Would you reproduce the whole listing below without altering a single word?

(Beginning of Provided data)

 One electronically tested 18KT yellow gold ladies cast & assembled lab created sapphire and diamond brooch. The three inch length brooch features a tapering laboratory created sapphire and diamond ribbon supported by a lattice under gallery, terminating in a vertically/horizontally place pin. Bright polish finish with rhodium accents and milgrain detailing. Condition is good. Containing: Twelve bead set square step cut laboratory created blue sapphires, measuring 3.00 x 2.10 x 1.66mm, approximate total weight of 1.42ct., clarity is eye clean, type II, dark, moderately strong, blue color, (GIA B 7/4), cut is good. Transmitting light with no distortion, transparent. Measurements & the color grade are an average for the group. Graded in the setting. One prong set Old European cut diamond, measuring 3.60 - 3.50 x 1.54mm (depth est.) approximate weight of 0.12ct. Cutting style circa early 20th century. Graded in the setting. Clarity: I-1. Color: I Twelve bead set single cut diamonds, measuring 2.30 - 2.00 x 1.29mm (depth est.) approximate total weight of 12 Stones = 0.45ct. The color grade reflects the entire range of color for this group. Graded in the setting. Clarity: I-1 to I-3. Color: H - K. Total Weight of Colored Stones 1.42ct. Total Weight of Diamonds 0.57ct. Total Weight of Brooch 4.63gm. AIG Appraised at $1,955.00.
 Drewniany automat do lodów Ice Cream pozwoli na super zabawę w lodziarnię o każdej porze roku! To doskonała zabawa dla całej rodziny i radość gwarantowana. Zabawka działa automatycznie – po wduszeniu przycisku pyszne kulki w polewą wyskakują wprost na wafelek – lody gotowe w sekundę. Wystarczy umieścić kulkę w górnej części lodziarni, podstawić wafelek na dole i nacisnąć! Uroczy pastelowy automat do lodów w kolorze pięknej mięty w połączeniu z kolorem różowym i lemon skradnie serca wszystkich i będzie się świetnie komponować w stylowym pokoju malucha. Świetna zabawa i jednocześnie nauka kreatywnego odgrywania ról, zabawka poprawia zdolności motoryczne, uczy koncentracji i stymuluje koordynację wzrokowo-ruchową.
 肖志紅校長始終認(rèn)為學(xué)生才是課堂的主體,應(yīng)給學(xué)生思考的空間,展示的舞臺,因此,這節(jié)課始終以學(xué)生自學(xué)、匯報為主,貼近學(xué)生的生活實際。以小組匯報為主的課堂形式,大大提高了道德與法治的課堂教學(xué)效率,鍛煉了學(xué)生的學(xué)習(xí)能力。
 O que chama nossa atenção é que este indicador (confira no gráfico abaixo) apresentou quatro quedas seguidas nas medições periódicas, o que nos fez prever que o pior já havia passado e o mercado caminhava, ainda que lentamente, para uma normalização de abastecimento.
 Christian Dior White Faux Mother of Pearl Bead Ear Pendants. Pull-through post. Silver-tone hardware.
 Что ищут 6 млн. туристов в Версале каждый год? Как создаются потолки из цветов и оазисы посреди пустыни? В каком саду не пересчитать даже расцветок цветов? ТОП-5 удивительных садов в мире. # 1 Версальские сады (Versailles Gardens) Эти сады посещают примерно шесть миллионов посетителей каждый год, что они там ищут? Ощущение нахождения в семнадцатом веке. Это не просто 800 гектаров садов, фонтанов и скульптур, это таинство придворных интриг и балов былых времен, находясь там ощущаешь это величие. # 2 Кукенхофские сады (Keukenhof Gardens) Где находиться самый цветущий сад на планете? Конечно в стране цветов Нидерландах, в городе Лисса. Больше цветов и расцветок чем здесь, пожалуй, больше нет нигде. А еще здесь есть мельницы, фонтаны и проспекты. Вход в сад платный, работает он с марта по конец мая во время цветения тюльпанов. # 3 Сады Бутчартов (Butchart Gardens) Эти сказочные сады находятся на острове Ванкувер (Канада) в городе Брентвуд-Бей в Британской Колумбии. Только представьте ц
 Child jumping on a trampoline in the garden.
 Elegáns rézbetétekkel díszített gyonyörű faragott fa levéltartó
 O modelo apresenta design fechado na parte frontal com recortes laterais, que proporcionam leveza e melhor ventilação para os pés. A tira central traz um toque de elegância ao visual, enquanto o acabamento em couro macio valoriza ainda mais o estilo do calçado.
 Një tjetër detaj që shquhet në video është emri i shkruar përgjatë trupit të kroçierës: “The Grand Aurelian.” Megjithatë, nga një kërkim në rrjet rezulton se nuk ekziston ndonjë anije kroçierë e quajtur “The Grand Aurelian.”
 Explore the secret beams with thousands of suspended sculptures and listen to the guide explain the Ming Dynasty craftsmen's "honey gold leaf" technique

(End of Provided data)

**Result for this task**:
 One electronically tested 18KT yellow gold ladies cast & assembled lab created sapphire and diamond brooch. The three inch length brooch features a tapering laboratory created sapphire and diamond ribbon supported by a lattice under gallery, terminating in a vertically/horizontally place pin. Bright polish finish with rhodium accents and milgrain detailing. Condition is good. Containing: Twelve bead set square step cut laboratory created blue sapphires, measuring 3.00 x 2.10 x 1.66mm, approximate total weight of 1.42ct., clarity is eye clean, type II, dark, moderately strong, blue color, (GIA B 7/4), cut is good. Transmitting light with no distortion, transparent. Measurements & the color grade are an average for the group. Graded in the setting. One prong set Old European cut diamond, measuring 3.60 - 3.50 x 1.54mm (depth est.) approximate weight of 0.12ct. Cutting style circa early 20th century. Graded in the setting. Clarity: I-1. Color: I Twelve bead set single cut diamonds, measuring 2.30 - 2.00 x 1.29mm (depth est.) approximate total weight of 12 Stones = 0.45ct. The color grade reflects the entire range of color for this group. Graded in the setting. Clarity: I-1 to I-3. Color: H - K. Total Weight of Colored Stones 1.42ct. Total Weight of Diamonds 0.57ct. Total Weight of Brooch 4.63gm. AIG Appraised at $1,955.00.
 Drewniany automat do lodów Ice Cream pozwoli na super zabawę w lodziarnię o każdej porze roku! To doskonała zabawa dla całej rodziny i radość gwarantowana. Zabawka działa automatycznie – po wduszeniu przycisku pyszne kulki w polewą wyskakują wprost na wafelek – lody gotowe w sekundę. Wystarczy umieścić kulkę w górnej części lodziarni, podstawić wafelek na dole i nacisnąć! Uroczy pastelowy automat do lodów w kolorze pięknej mięty w połączeniu z kolorem różowym i lemon skradnie serca wszystkich i będzie się świetnie komponować w stylowym pokoju malucha. Świetna zabawa i jednocześnie nauka kreatywnego odgrywania ról, zabawka poprawia zdolności motoryczne, uczy koncentracji i stymuluje koordynację wzrokowo-ruchową.
 肖志紅校長始終認(rèn)為學(xué)生才是課堂的主體,應(yīng)給學(xué)生思考的空間,展示的舞臺,因此,這節(jié)課始終以學(xué)生自學(xué)、匯報為主,貼近學(xué)生的生活實際。以小組匯報為主的課堂形式,大大提高了道德與法治的課堂教學(xué)效率,鍛煉了學(xué)生的學(xué)習(xí)能力。
 O que chama nossa atenção é que este indicador (confira no gráfico abaixo) apresentou quatro quedas seguidas nas medições periódicas, o que nos fez prever que o pior já havia passado e o mercado caminhava, ainda que lentamente, para uma normalização de abastecimento.
 Christian Dior White Faux Mother of Pearl Bead Ear Pendants. Pull-through post. Silver-tone hardware.
 Что ищут 6 млн. туристов в Версале каждый год? Как создаются потолки из цветов и оазисы посреди пустыни? В каком саду не пересчитать даже расцветок цветов? ТОП-5 удивительных садов в мире. # 1 Версальские сады (Versailles Gardens) Эти сады посещают примерно шесть миллионов посетителей каждый год, что они там ищут? Ощущение нахождения в семнадцатом веке. Это не просто 800 гектаров садов, фонтанов и скульптур, это таинство придворных интриг и балов былых времен, находясь там ощущаешь это величие. # 2 Кукенхофские сады (Keukenhof Gardens) Где находиться самый цветущий сад на планете? Конечно в стране цветов Нидерландах, в городе Лисса. Больше цветов и расцветок чем здесь, пожалуй, больше нет нигде. А еще здесь есть мельницы, фонтаны и проспекты. Вход в сад платный, работает он с марта по конец мая во время цветения тюльпанов. # 3 Сады Бутчартов (Butchart Gardens) Эти сказочные сады находятся на острове Ванкувер (Канада) в городе Брентвуд-Бей в Британской Колумбии. Только представьте ц
 Child jumping on a trampoline in the garden.
 Elegáns rézbetétekkel díszített gyonyörű faragott fa levéltartó
 O modelo apresenta design fechado na parte frontal com recortes laterais, que proporcionam leveza e melhor ventilação para os pés. A tira central traz um toque de elegância ao visual, enquanto o acabamento em couro macio valoriza ainda mais o estilo do calçado.
 Një tjetër detaj që shquhet në video është emri i shkruar përgjatë trupit të kroçierës: “The Grand Aurelian.” Megjithatë, nga një kërkim në rrjet rezulton se nuk ekziston ndonjë anije kroçierë e quajtur “The Grand Aurelian.”
 Explore the secret beams with thousands of suspended sculptures and listen to the guide explain the Ming Dynasty craftsmen's "honey gold leaf" technique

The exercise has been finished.